* **Work task**:
Skip the pictures and write out, word for word, the lines below from the one with "随后,班主任在班里开展教育,并将此事向分" through the one with "見た目ほど辛くなくて、コクのあるペーストにお肉や野菜が絡んでクセになる味。", inclusive.

* **Data extracts**:
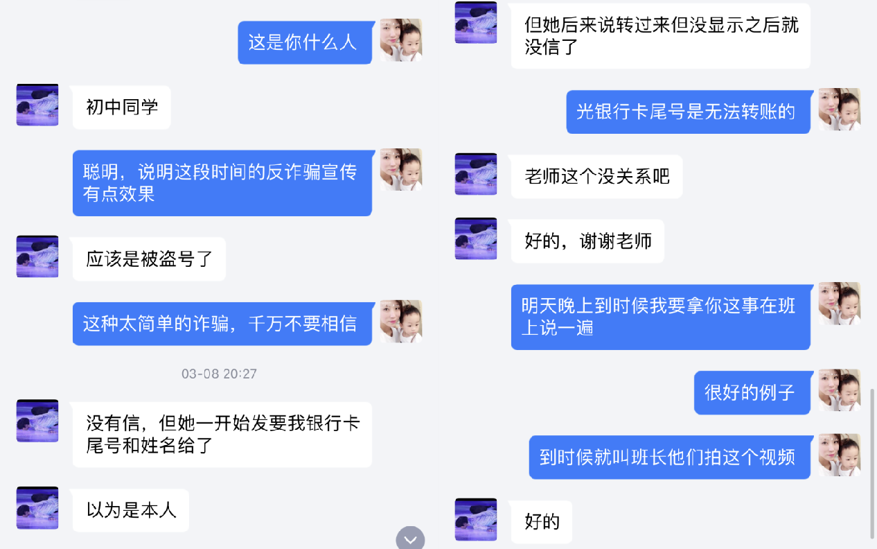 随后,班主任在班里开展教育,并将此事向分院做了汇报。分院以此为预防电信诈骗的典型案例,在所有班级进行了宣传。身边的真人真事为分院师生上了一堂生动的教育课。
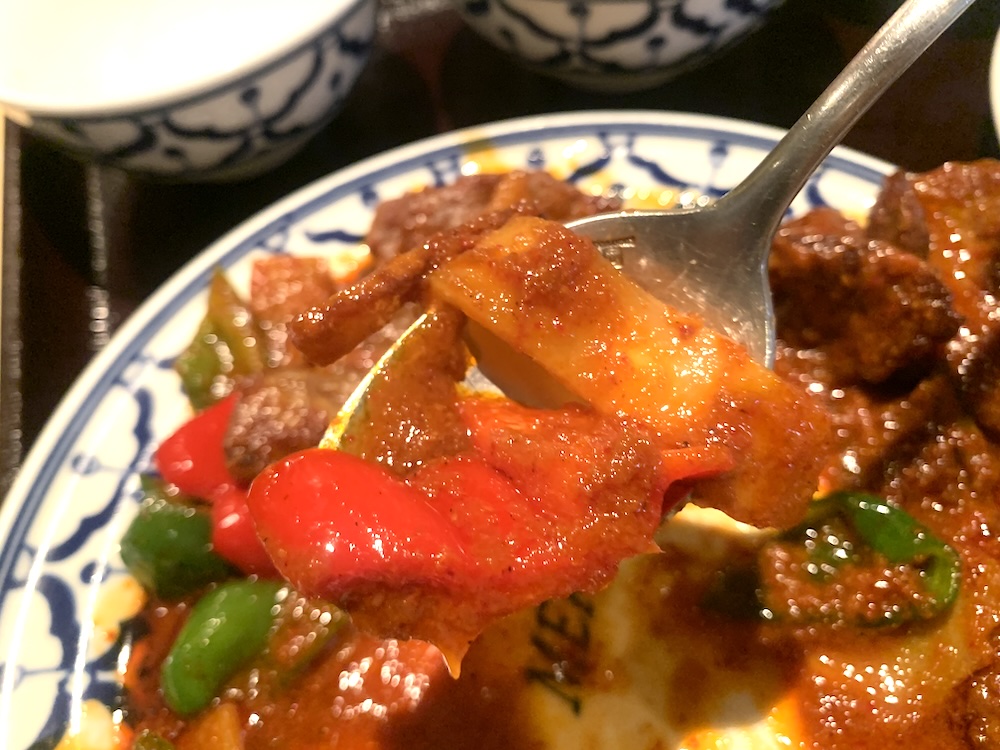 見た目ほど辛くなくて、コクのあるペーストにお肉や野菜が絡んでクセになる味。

---

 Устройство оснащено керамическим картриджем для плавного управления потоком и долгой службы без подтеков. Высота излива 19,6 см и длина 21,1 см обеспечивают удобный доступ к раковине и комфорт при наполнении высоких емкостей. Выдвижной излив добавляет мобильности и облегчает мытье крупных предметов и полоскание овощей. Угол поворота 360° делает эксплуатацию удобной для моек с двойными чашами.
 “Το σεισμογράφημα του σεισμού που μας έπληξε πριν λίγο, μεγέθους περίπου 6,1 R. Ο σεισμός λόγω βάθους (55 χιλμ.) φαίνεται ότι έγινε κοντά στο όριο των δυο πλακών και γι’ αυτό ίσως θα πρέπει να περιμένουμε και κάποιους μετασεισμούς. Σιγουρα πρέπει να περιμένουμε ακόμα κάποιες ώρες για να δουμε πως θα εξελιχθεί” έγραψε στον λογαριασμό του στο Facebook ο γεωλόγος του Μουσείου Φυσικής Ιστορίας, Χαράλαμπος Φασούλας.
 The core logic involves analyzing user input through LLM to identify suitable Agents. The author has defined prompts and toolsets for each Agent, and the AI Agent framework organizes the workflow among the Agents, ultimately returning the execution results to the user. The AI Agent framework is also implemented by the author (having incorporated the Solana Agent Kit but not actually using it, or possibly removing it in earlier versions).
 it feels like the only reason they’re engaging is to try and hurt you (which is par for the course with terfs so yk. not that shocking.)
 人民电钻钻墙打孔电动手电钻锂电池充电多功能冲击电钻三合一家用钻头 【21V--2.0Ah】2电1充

--

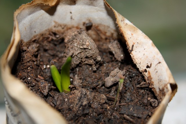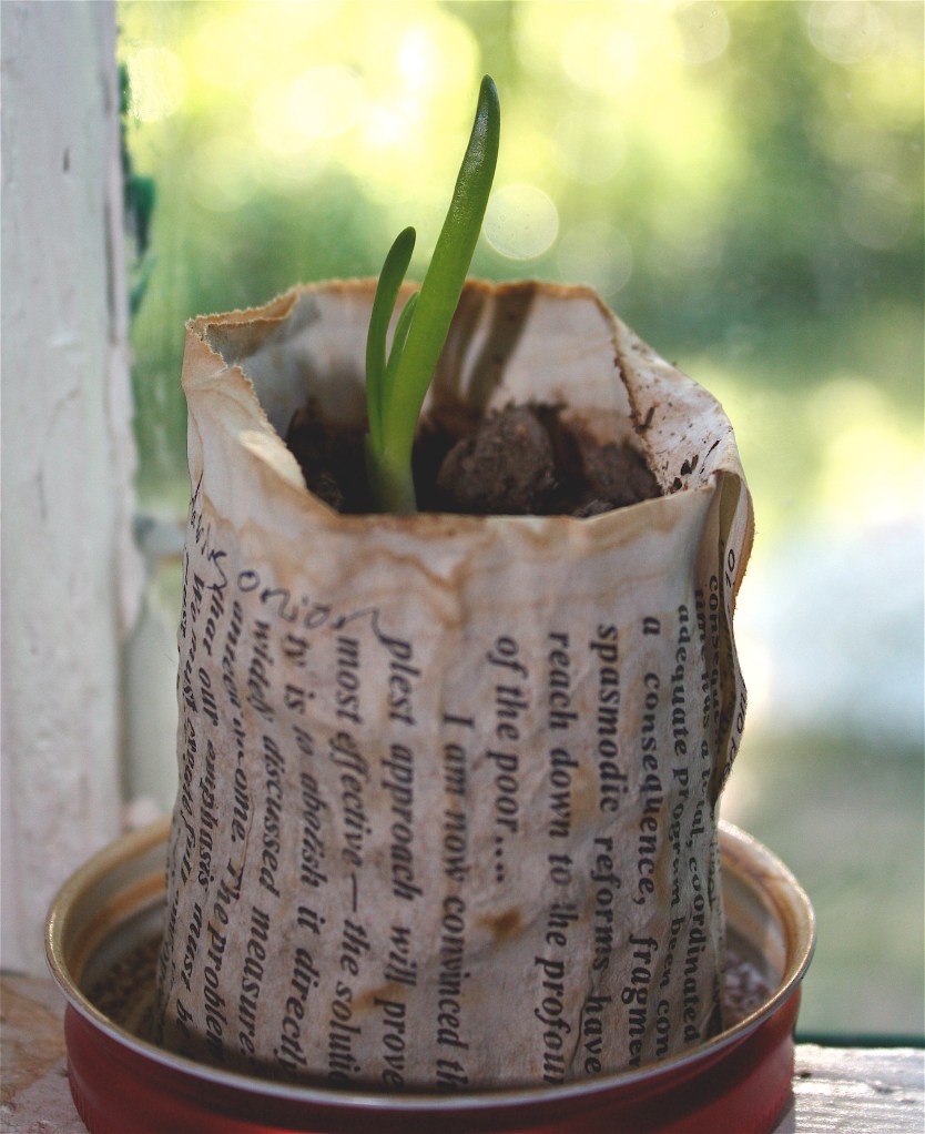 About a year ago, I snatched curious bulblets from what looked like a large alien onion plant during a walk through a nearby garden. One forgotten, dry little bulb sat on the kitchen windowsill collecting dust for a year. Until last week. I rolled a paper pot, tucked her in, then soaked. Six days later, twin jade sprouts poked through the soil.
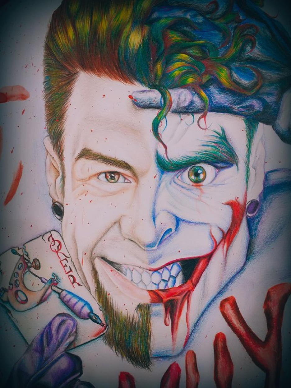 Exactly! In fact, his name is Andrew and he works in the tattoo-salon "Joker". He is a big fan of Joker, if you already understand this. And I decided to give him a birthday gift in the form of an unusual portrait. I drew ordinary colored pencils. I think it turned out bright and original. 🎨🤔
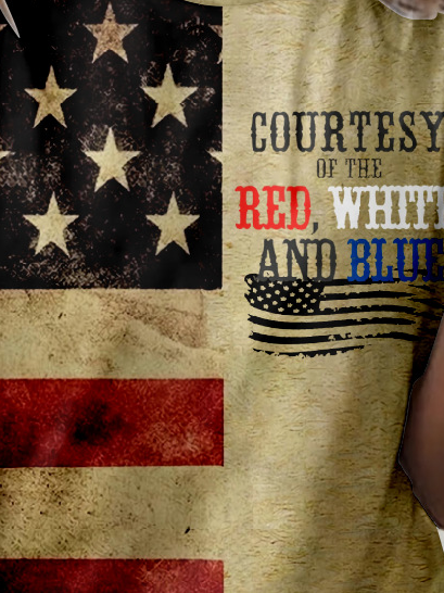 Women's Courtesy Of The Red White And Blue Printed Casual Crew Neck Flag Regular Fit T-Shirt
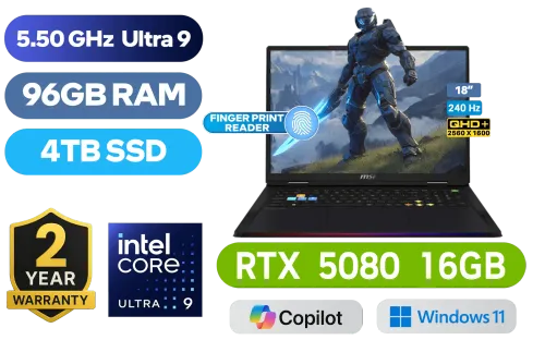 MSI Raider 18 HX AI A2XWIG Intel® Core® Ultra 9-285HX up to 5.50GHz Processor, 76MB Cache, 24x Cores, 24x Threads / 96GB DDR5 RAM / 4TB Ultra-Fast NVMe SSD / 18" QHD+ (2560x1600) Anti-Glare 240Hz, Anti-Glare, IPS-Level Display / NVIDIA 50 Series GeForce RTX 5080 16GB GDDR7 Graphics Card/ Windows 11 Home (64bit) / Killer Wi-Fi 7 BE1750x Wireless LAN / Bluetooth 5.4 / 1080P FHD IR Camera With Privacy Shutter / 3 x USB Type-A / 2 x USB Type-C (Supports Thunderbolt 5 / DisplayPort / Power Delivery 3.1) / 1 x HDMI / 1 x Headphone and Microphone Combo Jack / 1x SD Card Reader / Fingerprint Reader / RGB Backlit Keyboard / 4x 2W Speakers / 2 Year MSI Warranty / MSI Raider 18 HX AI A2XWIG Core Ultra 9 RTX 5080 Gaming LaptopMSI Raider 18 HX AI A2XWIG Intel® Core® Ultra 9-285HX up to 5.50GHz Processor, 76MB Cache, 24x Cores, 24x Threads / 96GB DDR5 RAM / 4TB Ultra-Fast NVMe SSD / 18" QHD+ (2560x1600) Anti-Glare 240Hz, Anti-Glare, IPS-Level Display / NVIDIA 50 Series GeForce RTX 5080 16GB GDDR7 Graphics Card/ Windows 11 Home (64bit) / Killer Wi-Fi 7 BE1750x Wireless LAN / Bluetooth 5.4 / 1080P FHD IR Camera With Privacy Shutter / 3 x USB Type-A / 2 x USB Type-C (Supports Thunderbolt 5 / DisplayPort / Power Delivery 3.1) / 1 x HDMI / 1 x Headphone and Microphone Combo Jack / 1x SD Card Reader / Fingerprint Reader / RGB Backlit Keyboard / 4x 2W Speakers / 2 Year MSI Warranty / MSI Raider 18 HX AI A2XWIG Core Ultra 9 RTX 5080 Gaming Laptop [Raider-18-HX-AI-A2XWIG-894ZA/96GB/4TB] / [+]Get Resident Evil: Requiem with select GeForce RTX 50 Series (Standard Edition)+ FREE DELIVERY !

* **Completed task**:
 随后,班主任在班里开展教育,并将此事向分院做了汇报。分院以此为预防电信诈骗的典型案例,在所有班级进行了宣传。身边的真人真事为分院师生上了一堂生动的教育课。
 見た目ほど辛くなくて、コクのあるペーストにお肉や野菜が絡んでクセになる味。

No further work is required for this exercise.